On pourra alors penser à cette image que nous livre Giorgo Agamben2, de ce regardeur qui est contemporain parce que, lorsqu’il projette son regard dans ce ciel nocturne – qui est un ciel du temps et de l’éloignement d’un univers en expansion, peut-être un ciel des espaces parallèles – il privilégie les ténèbres à la recherche de ces galaxies qui s’éloignent trop vite de lui pour que leur lumière puisse l’atteindre…

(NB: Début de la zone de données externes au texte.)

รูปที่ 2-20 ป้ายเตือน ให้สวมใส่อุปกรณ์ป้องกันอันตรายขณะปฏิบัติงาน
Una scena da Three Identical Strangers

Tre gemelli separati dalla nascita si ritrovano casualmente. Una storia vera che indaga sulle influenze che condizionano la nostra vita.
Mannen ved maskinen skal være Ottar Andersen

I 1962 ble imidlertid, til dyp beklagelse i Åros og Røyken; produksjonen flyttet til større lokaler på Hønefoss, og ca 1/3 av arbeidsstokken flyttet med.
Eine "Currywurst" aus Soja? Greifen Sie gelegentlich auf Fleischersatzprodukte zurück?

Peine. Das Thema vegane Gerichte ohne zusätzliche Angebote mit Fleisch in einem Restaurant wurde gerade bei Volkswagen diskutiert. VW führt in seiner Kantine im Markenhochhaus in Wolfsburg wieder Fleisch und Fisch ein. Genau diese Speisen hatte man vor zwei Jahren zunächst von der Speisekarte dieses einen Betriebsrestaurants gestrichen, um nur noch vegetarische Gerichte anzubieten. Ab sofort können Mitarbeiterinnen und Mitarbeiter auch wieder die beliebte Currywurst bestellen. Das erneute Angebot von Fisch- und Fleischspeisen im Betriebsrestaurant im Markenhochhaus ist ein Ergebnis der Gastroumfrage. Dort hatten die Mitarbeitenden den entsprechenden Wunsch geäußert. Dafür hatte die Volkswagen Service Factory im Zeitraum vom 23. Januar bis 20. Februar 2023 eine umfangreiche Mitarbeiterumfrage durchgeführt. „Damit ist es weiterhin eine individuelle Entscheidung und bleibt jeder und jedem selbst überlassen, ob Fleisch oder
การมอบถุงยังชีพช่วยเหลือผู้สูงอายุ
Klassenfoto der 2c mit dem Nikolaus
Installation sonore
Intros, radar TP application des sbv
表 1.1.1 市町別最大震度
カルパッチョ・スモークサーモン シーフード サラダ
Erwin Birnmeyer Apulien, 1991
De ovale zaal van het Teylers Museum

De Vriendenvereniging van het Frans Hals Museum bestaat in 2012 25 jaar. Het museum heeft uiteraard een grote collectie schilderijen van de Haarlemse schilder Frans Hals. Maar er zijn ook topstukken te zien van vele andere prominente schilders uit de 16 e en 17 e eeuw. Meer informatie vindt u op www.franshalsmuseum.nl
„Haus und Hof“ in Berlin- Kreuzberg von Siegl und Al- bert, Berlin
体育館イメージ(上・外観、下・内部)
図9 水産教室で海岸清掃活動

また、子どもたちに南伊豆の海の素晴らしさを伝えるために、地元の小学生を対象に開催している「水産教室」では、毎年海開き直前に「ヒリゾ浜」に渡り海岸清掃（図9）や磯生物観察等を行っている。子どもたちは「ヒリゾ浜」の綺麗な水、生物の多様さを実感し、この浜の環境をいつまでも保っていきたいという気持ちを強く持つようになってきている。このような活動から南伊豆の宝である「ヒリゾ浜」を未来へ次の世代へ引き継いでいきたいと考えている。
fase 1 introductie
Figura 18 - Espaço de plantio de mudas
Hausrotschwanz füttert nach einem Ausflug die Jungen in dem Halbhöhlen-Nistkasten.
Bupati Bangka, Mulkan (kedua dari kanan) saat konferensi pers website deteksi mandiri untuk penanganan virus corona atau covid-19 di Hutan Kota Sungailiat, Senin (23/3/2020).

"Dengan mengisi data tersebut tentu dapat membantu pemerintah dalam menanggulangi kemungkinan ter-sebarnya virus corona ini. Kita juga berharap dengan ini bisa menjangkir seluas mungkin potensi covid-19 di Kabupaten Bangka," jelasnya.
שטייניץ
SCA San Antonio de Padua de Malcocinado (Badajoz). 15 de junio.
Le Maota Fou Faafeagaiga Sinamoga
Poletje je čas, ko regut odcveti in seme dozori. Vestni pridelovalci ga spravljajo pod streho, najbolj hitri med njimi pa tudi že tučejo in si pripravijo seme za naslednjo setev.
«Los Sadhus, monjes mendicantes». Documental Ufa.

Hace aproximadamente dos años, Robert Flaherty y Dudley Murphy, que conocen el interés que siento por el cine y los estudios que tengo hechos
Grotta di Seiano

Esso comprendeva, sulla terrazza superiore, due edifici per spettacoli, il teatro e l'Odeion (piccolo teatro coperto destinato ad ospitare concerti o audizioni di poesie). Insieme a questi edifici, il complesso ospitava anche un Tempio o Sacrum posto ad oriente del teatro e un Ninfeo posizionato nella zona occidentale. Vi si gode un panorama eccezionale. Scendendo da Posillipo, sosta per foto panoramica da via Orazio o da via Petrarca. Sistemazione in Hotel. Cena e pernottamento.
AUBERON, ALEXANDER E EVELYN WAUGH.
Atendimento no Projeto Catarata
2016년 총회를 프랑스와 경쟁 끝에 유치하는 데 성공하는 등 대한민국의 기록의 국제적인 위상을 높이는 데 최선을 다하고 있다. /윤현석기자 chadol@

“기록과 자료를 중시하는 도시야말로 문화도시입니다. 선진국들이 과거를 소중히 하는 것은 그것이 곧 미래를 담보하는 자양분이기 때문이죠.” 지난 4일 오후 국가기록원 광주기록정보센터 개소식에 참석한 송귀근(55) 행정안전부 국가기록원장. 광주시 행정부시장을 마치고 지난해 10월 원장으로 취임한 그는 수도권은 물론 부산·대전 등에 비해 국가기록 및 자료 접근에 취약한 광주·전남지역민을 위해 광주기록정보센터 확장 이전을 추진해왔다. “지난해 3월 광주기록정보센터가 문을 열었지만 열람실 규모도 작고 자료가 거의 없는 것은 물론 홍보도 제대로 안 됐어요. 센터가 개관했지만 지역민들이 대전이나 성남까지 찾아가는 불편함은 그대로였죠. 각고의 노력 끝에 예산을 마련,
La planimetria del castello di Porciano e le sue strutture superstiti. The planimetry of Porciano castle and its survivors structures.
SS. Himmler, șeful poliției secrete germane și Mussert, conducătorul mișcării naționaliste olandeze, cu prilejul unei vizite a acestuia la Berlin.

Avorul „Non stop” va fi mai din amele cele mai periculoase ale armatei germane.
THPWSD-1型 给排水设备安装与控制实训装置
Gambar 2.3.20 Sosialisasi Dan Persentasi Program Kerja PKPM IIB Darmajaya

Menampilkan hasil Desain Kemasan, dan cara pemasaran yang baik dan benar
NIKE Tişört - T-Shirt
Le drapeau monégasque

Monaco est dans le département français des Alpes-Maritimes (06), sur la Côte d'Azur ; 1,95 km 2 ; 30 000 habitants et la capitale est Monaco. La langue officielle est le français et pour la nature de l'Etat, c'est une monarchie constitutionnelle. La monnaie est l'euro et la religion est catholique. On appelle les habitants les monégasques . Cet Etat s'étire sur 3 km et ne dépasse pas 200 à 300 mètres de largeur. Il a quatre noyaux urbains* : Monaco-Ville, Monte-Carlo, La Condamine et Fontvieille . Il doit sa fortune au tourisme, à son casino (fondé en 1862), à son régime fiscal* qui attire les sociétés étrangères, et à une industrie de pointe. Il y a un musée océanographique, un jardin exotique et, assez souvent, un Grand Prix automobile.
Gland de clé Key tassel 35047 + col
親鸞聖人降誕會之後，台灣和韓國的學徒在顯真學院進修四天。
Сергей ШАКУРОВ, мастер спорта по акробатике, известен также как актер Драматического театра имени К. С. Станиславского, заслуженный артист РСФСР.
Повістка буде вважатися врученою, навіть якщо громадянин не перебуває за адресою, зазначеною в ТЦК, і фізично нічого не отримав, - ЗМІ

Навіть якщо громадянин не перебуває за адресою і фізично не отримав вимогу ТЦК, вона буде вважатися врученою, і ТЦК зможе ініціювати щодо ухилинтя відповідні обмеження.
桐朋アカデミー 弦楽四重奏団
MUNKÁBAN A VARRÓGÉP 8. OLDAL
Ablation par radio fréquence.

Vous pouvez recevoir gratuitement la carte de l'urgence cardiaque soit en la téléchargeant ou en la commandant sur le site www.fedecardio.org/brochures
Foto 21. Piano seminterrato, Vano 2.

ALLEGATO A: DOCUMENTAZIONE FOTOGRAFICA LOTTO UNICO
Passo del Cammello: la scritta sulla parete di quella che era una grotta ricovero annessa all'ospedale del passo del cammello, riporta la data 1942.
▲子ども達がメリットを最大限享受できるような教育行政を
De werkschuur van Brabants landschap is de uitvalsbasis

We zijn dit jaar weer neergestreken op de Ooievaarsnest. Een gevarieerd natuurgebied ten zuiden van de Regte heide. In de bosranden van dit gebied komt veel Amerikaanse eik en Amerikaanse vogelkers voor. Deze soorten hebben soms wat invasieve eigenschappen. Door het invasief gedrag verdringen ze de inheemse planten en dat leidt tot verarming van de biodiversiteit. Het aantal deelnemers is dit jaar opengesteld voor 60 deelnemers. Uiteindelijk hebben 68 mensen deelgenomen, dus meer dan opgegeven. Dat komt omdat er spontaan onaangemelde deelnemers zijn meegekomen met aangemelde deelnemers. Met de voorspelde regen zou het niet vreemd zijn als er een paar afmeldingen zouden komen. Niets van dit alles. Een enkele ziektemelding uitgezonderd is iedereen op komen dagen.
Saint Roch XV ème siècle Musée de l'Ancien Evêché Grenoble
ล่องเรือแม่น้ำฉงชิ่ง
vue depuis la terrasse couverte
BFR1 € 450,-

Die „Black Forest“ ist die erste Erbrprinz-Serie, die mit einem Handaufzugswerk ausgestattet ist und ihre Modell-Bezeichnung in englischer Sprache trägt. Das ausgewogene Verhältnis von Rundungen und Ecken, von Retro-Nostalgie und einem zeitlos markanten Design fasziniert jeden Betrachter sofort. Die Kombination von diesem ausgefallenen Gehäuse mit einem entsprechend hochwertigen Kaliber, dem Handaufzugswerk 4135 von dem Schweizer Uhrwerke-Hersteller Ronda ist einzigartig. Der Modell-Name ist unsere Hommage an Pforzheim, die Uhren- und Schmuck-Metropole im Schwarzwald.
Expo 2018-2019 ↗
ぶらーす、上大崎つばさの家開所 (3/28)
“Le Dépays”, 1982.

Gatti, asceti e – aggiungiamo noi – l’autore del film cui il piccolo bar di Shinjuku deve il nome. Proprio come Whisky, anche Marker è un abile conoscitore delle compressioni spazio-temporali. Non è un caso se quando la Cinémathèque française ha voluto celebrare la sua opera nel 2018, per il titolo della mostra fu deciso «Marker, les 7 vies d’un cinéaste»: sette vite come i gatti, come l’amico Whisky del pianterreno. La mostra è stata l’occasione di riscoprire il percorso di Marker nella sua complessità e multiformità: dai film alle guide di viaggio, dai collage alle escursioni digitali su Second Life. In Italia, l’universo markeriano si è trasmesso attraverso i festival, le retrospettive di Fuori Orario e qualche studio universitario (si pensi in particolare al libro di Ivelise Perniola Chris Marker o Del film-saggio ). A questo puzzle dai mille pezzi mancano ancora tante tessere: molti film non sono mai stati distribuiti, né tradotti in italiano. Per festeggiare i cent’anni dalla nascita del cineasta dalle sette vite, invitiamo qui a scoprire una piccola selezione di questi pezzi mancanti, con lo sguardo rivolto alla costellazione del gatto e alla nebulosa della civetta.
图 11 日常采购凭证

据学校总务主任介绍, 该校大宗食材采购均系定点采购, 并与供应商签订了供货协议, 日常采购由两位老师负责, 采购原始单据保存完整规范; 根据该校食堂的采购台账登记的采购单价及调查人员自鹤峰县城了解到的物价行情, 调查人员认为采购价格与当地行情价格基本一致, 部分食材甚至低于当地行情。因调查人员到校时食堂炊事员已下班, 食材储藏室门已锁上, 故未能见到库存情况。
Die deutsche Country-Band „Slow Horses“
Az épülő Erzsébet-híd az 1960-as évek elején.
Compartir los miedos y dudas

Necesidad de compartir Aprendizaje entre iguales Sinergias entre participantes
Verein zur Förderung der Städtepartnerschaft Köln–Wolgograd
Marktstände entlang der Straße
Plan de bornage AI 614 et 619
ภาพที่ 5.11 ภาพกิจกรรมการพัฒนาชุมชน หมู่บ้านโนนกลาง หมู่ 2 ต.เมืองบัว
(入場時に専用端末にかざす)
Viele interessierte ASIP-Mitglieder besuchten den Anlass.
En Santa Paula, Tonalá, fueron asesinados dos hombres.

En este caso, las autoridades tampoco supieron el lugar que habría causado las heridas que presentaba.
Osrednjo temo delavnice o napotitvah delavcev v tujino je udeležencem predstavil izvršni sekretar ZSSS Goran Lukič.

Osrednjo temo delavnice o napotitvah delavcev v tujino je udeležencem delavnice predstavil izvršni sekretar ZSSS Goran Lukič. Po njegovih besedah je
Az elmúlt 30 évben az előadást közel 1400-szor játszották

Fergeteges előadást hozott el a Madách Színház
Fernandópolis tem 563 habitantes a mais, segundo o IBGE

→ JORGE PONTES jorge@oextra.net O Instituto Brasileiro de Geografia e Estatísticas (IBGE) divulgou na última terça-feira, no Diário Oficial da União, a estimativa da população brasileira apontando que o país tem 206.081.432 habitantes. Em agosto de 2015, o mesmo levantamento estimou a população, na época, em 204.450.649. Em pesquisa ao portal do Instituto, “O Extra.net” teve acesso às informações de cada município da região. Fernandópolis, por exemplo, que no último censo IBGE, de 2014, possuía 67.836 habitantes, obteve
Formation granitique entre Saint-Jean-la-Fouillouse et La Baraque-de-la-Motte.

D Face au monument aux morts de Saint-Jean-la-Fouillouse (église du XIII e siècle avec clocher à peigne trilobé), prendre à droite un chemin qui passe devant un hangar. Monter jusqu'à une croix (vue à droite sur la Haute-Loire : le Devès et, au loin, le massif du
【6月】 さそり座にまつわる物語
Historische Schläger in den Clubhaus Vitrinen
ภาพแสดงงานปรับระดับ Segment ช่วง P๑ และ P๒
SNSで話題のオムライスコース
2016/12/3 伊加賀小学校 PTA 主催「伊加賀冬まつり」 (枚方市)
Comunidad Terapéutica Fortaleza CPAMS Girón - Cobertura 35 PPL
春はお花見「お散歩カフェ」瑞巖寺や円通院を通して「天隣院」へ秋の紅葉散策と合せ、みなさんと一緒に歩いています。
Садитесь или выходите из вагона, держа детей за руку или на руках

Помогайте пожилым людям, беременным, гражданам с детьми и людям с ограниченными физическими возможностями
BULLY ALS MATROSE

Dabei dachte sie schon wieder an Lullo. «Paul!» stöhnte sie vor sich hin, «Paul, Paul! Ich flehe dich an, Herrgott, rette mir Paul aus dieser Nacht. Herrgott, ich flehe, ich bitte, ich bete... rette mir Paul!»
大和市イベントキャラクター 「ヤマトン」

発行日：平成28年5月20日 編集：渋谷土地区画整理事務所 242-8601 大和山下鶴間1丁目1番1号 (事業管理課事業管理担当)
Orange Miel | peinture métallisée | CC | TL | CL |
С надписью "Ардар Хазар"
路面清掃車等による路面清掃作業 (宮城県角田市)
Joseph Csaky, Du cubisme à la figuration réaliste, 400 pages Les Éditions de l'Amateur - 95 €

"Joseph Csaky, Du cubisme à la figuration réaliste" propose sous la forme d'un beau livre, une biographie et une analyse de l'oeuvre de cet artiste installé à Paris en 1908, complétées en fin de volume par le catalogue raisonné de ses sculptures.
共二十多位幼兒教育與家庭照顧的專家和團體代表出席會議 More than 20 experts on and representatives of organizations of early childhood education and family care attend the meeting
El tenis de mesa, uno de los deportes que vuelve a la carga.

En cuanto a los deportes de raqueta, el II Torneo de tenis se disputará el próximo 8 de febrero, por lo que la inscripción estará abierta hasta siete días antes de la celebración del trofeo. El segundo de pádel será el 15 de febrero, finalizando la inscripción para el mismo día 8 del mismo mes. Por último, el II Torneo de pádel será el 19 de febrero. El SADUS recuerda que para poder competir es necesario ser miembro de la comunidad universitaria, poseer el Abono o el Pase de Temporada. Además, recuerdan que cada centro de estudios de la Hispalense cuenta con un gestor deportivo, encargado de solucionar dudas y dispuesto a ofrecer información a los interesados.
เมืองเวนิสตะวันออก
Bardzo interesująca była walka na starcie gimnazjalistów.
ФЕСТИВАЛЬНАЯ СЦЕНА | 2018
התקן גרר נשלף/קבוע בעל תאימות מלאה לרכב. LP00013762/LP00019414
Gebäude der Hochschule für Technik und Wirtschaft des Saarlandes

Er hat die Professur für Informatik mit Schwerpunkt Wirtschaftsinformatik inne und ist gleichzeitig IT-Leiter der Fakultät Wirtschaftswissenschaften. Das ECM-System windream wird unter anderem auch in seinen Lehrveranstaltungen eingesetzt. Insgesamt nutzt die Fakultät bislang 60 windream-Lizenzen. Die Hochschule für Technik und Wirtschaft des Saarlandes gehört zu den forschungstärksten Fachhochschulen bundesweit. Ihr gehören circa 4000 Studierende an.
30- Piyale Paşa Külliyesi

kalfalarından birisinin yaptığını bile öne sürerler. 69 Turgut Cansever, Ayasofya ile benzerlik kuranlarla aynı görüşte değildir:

On pourra alors découvrir de subtils détails livrés à notre interprétation, comme lorsque, dans la scène primitive de l’invention de l’écriture, seule la caste des scribes était capable de lire les constellations célestes comme des signes sacrés de divination. On verra peut-être alors que seuls les contre-plats de deuxième et troisième de couvertures nous présentent des vues photographiques de ciels nocturnes. Des images, semble-t-il assez discrètement médiatisées, des images d’images peut-être issues des banques de la Nasa, ou subtilement reconstruites en hommage à l’imagerie de masse de la science fiction. En tous cas des images très intempestives vis-à -vis du contenu de ce long poème stellaire astronomique et astrologique de Marcus Manilius, écrit au premier siècle av. J.-C. et imprimé pour la première fois dans cette édition du XVIIe siècle naissant. On pourra songer en passant au fait que Marcus Manilius, auteur syrien exilé à Rome, porte le même prénom que le fils de Fanette. On s’apercevra peut-être que les petites étoiles de la nuit des pages sont des peluchages du genre de celles qui se forment lorsque la rotative offset arrache des particules à la feuille d’impression – et l’on se rappellera que le travail expérimental sur les machines offset est une récurrence du travail de Fanette, fille d’imprimeur –, ou de celles qui peuvent se créer lorsqu’on déchire ou qu’on découpe le papier.
Justement, lorsque l’on presse le pli français des feuillets, se découvre dans la courbure de l’espace intérieur de la feuille, la constellation régulière d’un beau texte accueillant, avec contraste de lecture adapté, noir sur fond blanc, dans un corps suffisant, en linéale fonctionnelle et composition rationnelle fer à gauche.
Mais il faudra, pour correctement appréhender le texte de médiation, déchirer le pli qui le couvre, littéralement le découvrir, l’expliquer dans un geste, qui, en même temps qu’il rappelle la forme ancienne de l’imprimé à la française non massicoté, accuse l’outrage au fétichisme bibliophile de ce petit ouvrage précieux. Un geste violent qui peut créer une intimité et un confort de lecture en même temps que ces écritures de poussière dans le bleu de l’encre des pages.